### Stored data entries
━━━━
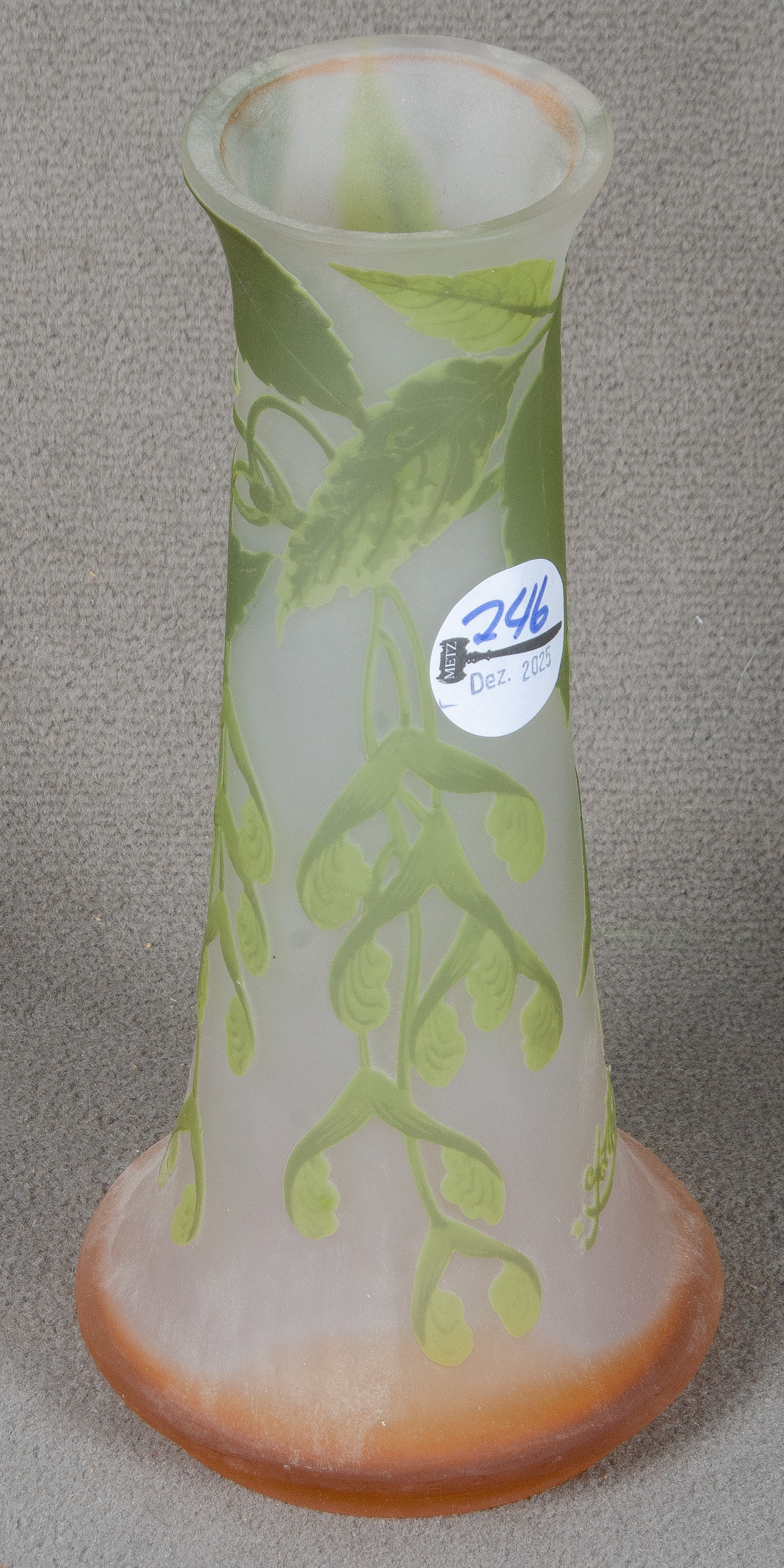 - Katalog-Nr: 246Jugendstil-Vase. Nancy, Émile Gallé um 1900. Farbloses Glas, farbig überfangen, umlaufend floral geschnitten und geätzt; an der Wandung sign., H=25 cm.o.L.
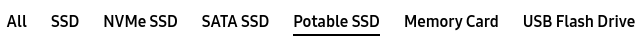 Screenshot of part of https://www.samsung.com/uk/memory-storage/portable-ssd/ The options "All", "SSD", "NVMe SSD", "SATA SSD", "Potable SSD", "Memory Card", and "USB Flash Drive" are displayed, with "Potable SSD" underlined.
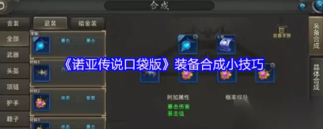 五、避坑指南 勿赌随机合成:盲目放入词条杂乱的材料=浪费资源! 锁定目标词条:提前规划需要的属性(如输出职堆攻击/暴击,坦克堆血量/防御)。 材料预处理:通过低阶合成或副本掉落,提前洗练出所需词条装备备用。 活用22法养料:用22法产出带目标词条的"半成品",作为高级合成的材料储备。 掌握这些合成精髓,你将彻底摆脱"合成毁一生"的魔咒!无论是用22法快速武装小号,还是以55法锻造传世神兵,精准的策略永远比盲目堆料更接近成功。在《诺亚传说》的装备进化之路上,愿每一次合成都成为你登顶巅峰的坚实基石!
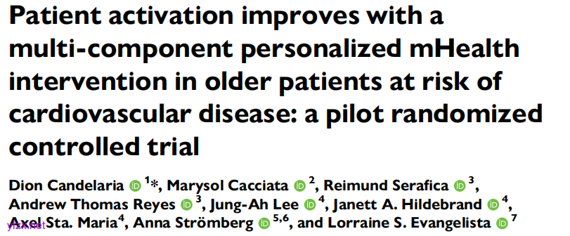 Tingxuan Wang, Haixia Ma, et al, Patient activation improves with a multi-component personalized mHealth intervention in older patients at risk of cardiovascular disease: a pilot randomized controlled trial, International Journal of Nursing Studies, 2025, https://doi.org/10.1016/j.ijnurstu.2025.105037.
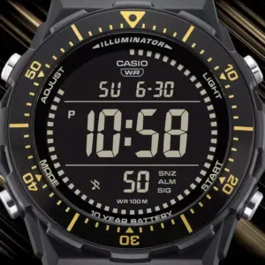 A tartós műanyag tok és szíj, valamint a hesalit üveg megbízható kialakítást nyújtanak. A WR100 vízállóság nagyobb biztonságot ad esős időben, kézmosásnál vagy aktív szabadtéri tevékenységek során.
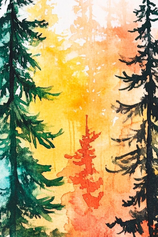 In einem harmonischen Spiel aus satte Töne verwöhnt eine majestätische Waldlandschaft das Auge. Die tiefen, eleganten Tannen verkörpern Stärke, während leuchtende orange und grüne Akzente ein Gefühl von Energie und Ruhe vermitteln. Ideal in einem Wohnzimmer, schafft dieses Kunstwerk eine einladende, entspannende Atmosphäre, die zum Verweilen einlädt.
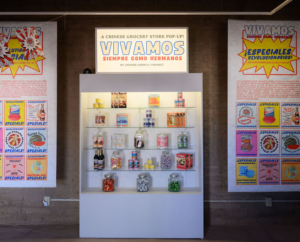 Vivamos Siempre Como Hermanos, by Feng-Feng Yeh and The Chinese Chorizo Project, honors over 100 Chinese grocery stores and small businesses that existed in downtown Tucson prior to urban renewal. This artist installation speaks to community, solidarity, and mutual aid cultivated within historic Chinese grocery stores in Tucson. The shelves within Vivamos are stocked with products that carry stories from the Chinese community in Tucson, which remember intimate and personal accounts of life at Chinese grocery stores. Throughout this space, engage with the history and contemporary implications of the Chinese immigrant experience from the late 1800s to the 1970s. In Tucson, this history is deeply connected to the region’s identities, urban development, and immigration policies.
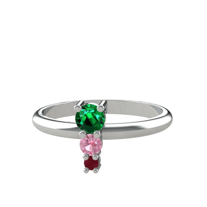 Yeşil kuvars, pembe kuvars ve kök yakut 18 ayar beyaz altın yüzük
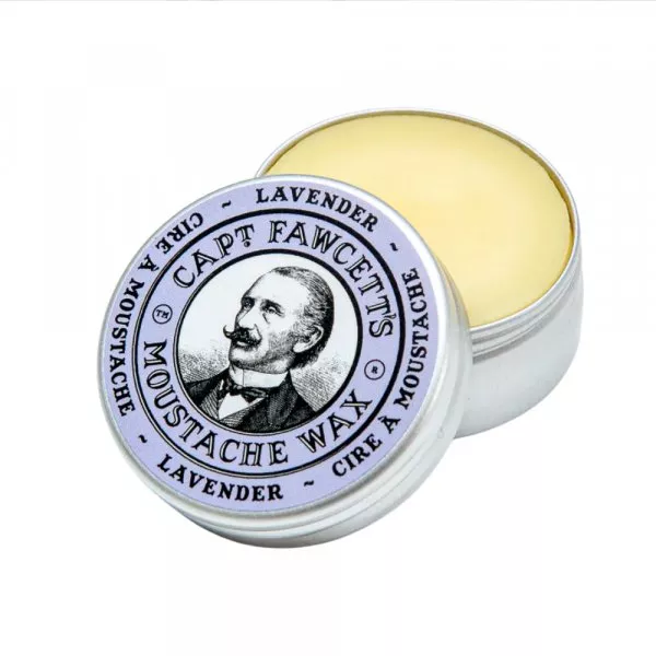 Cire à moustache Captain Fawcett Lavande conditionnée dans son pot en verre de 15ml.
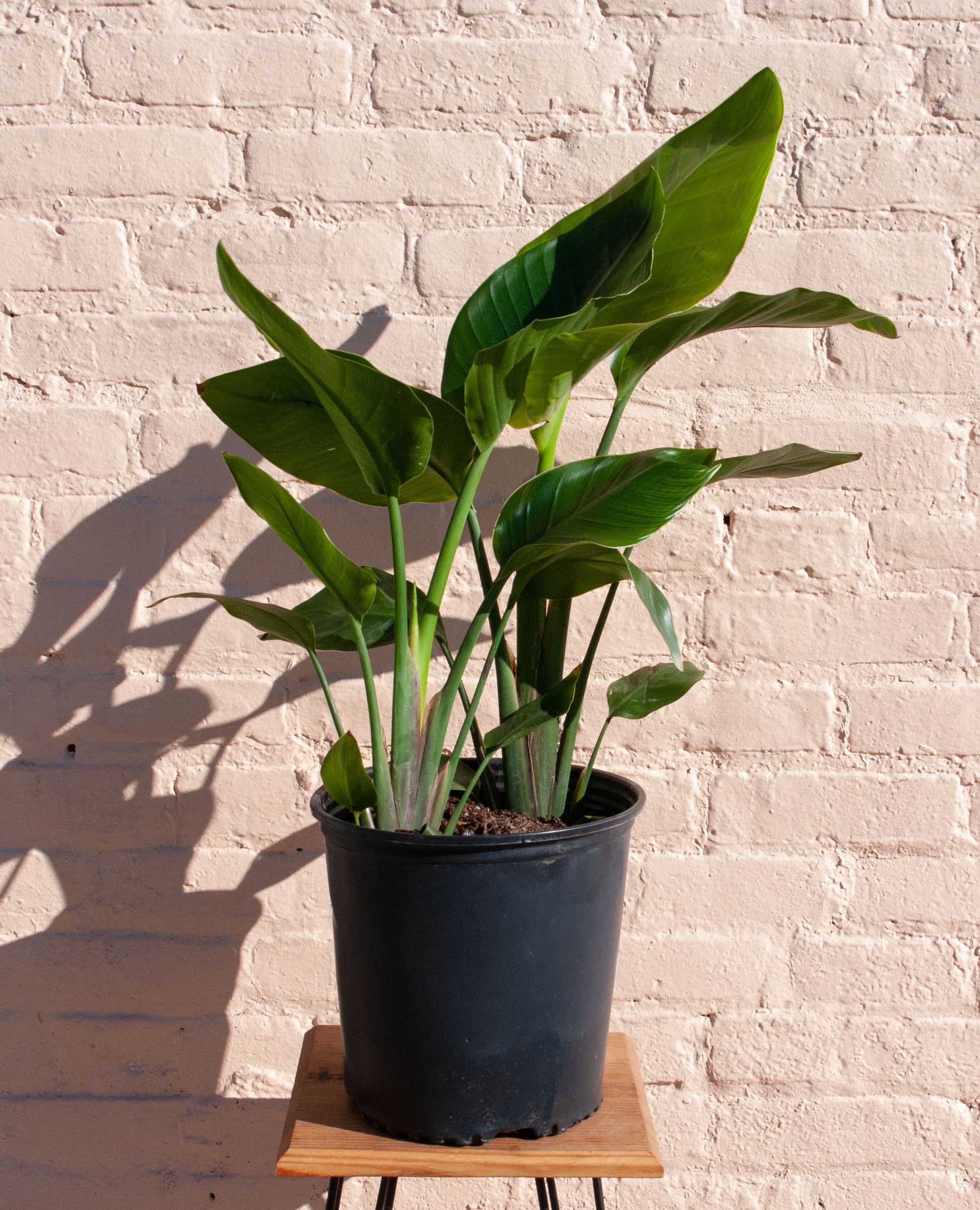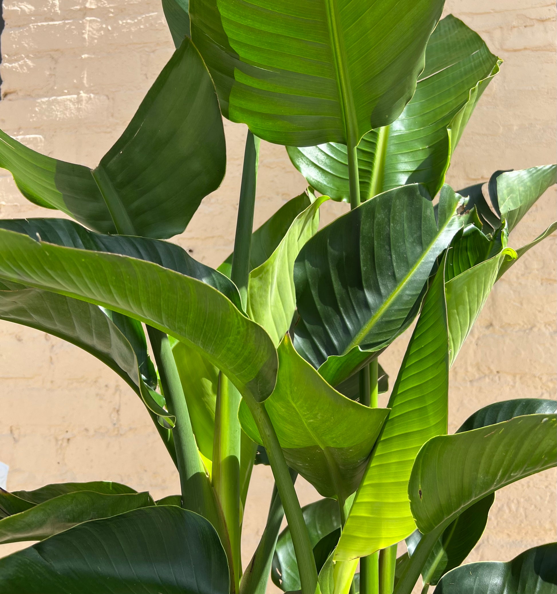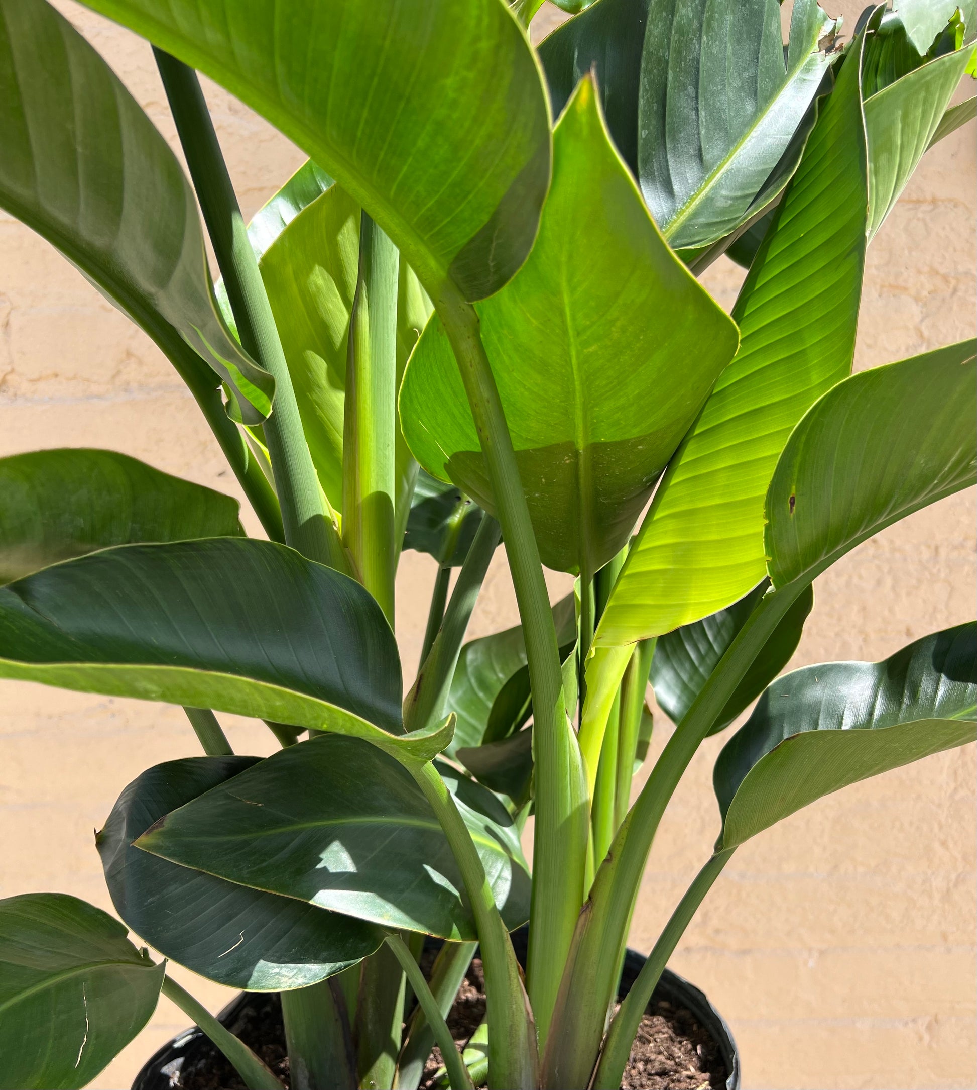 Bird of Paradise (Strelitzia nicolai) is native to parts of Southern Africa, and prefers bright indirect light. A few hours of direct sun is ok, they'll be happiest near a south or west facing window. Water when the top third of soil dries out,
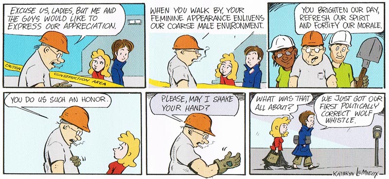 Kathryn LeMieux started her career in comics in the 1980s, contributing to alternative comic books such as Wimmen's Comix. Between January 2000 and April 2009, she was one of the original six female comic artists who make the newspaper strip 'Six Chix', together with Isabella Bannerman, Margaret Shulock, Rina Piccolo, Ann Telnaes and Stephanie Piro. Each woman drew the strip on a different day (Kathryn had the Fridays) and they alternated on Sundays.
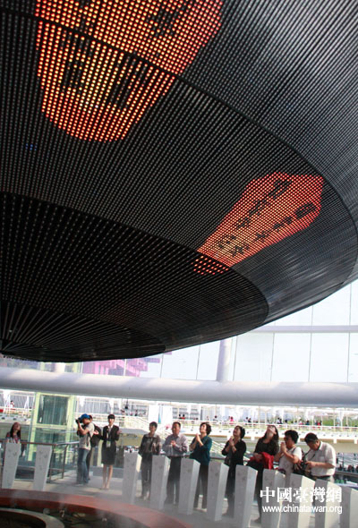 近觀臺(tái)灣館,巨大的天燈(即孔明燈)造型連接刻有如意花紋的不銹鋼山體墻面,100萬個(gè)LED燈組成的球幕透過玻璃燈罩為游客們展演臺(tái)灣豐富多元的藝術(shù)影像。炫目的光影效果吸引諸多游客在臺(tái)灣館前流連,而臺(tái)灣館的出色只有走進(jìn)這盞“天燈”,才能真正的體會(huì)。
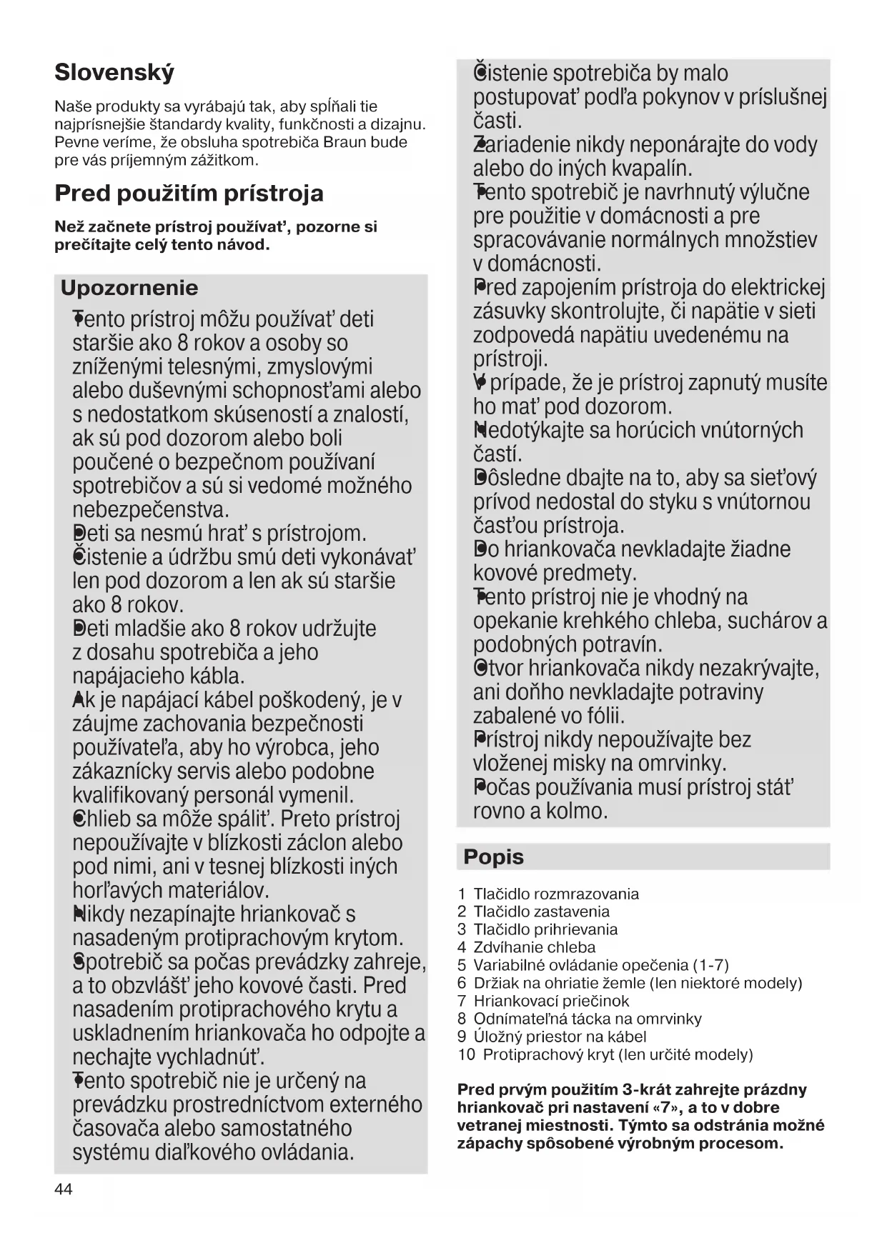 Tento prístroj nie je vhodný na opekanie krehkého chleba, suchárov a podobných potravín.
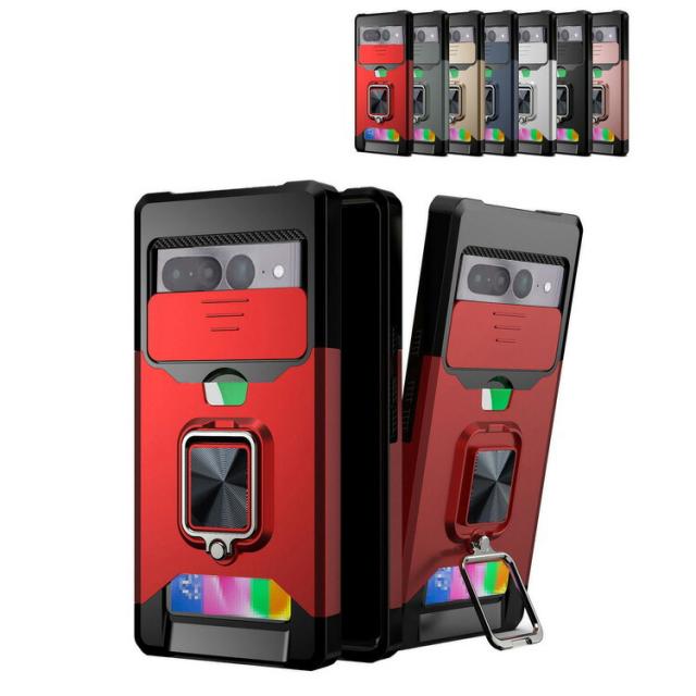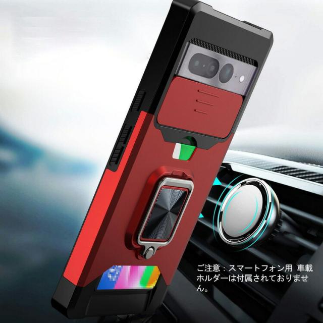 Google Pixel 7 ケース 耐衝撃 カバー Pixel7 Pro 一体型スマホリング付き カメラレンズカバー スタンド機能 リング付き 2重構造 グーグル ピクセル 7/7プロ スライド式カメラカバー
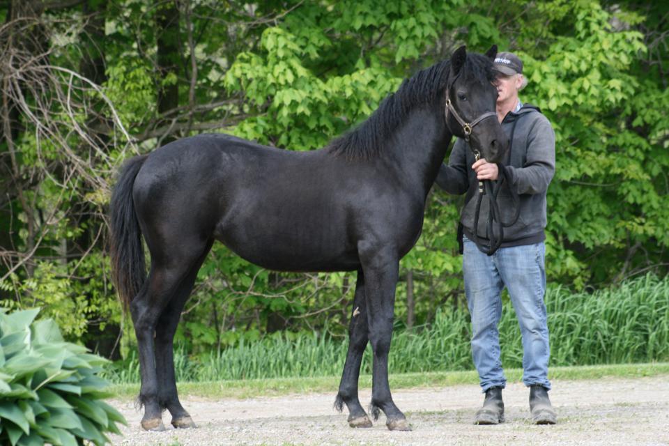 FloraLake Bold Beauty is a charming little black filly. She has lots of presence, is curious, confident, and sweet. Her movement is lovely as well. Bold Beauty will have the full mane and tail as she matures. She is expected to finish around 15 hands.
━━━━
### What you have to do
From the data above, return exactly the lines from the one with "Cire à moustache" up to and including the one with "Bird of Paradise". Pictures do not go in the copy.

### Task result
 Cire à moustache Captain Fawcett Lavande conditionnée dans son pot en verre de 15ml.
 Bird of Paradise (Strelitzia nicolai) is native to parts of Southern Africa, and prefers bright indirect light. A few hours of direct sun is ok, they'll be happiest near a south or west facing window. Water when the top third of soil dries out,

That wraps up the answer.